Грохот, треск валежника…
Пистолет упал на землю. Я пинком отшвырнул его в сторону.
Чурилин встал. Теперь я его не боялся. Я мог уложить его с любой позиции. Да и зэк был рядом.
Я видел, как Чурилин снимает ремень. Я не сообразил, что это значит. Думал, что он поправляет гимнастерку.
Теоретически я мог пристрелить его или хотя бы ранить. Мы ведь были на задании. Так сказать, в боевой обстановке. Меня бы оправдали.
Вместо этого я снова двинулся к нему. Интеллигентность мне вредила, еще когда я занимался боксом.
В результате Чурилин обрушил бляху мне на голову.
Главное, я все помню. Сознания не потерял. Самого удара не почувствовал. Увидел, что кровь потекла мне на брюки. Так много крови, что я даже ладони подставил. Стою, а кровь течет.
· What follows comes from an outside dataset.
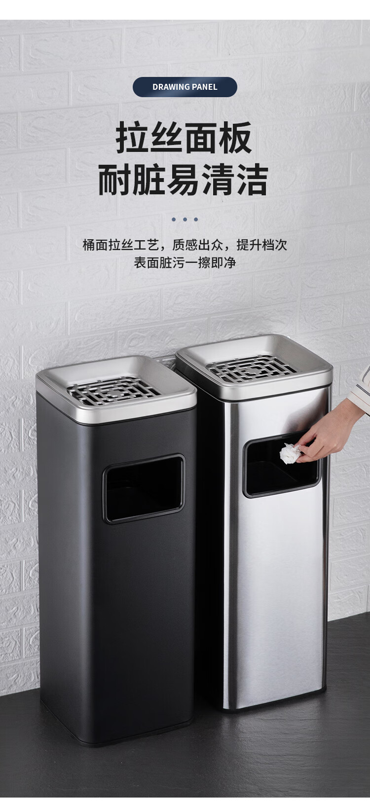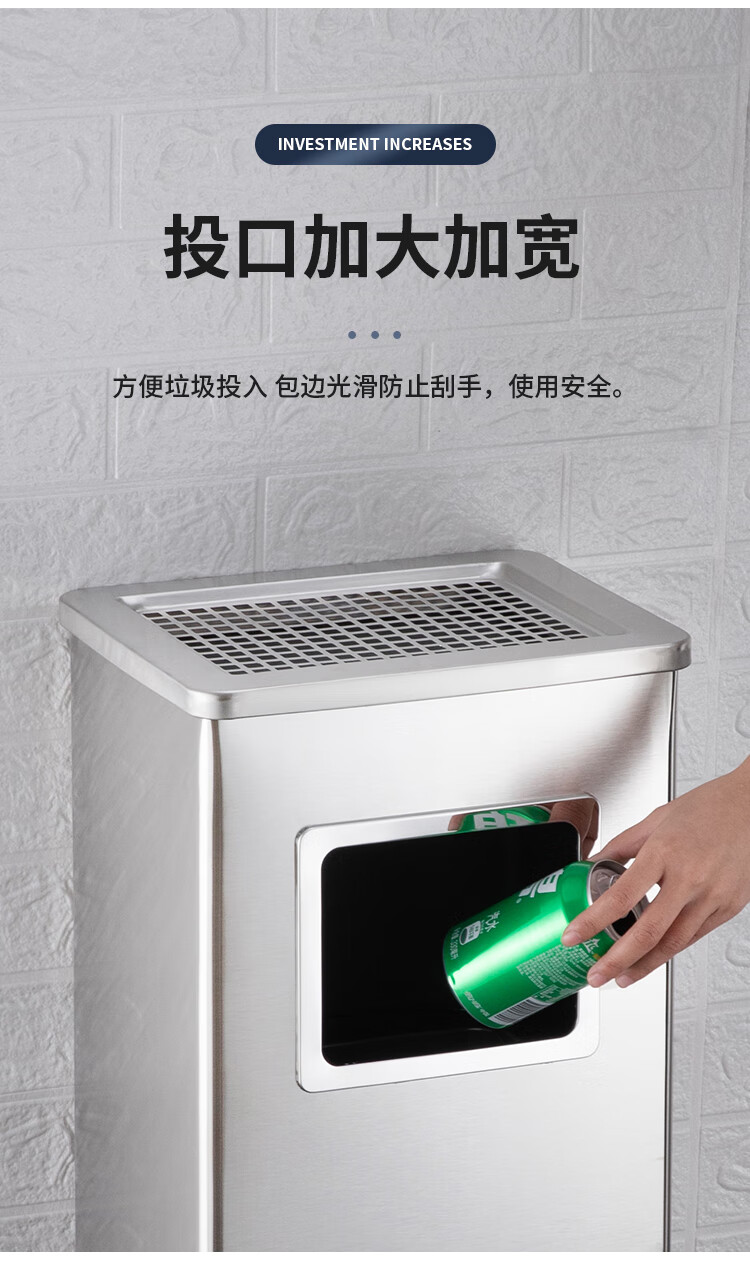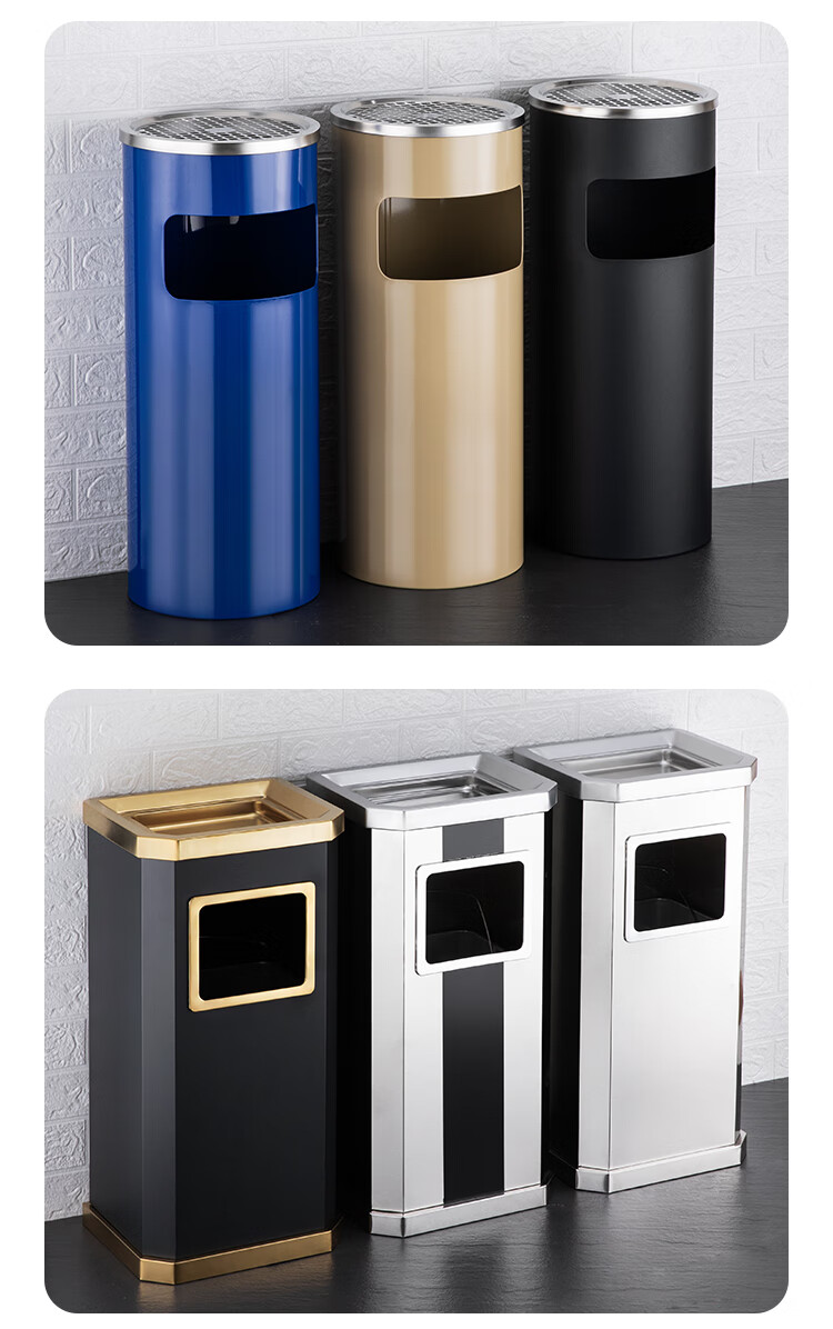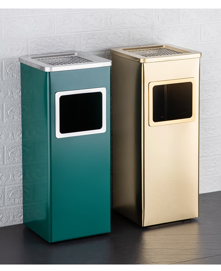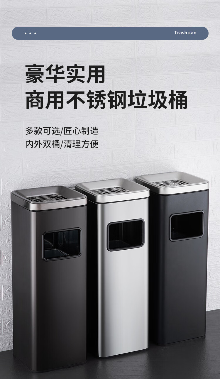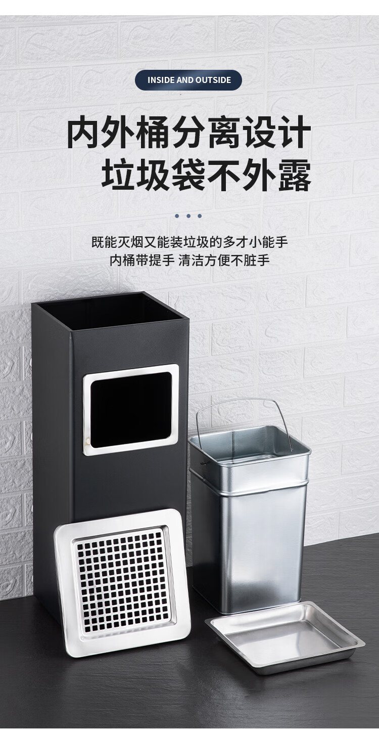 Nanqin outdoor stainless steel trash can ash bucket with ashtray hotel lobby hotel elevator entrance corridor vertical square black 24*24*61- 13L

Спасибо, что хоть зэк не растерялся. Вырвал у Чурилина ремень. Затем перевязал мне лоб оторванным рукавом сорочки.
Тут Чурилин, видимо, начал соображать. Он схватился за голову и, рыдая, пошел к дороге.
Пистолет его лежал в траве. Рядом с пустыми бутылками. Я сказал зэку:
— Подними…
А теперь представьте себе выразительную картинку. Впереди, рыдая, идет чекист. Дальше — ненормальный зэк с пистолетом. И замыкает шествие ефрейтор с окровавленной повязкой на голове. А навстречу — военный патруль. «ГАЗ-61» с тремя автоматчиками и здоровенным волкодавом.
Удивляюсь, как они не пристрелили моего зэка. Вполне могли дать по нему очередь. Или натравить пса.
Увидев машину, я потерял сознание. Отказали волевые центры. Да и жара наконец подействовала. Я только успел предупредить, что зэк не виноват. А кто виноват — пусть разбираются сами.
К тому же, падая, я сломал руку. Точнее, не сломал, а повредил. У меня обнаружилась трещина в предплечье. Я еще подумал — вот уж это совершенно лишнее.
Последнее, что я запомнил, была собака. Сидя возле меня, она нервно зевала, раскрывая лиловую пасть…
Над моей головой заработал репродуктор. Оттуда донеслось гудение, последовали легкие щелчки. Я вытащил штепсель, не дожидаясь торжественных звуков гимна.
Мне вдруг припомнилось забытое детское ощущение. Я школьник, у меня температура. Мне разрешают пропустить занятия.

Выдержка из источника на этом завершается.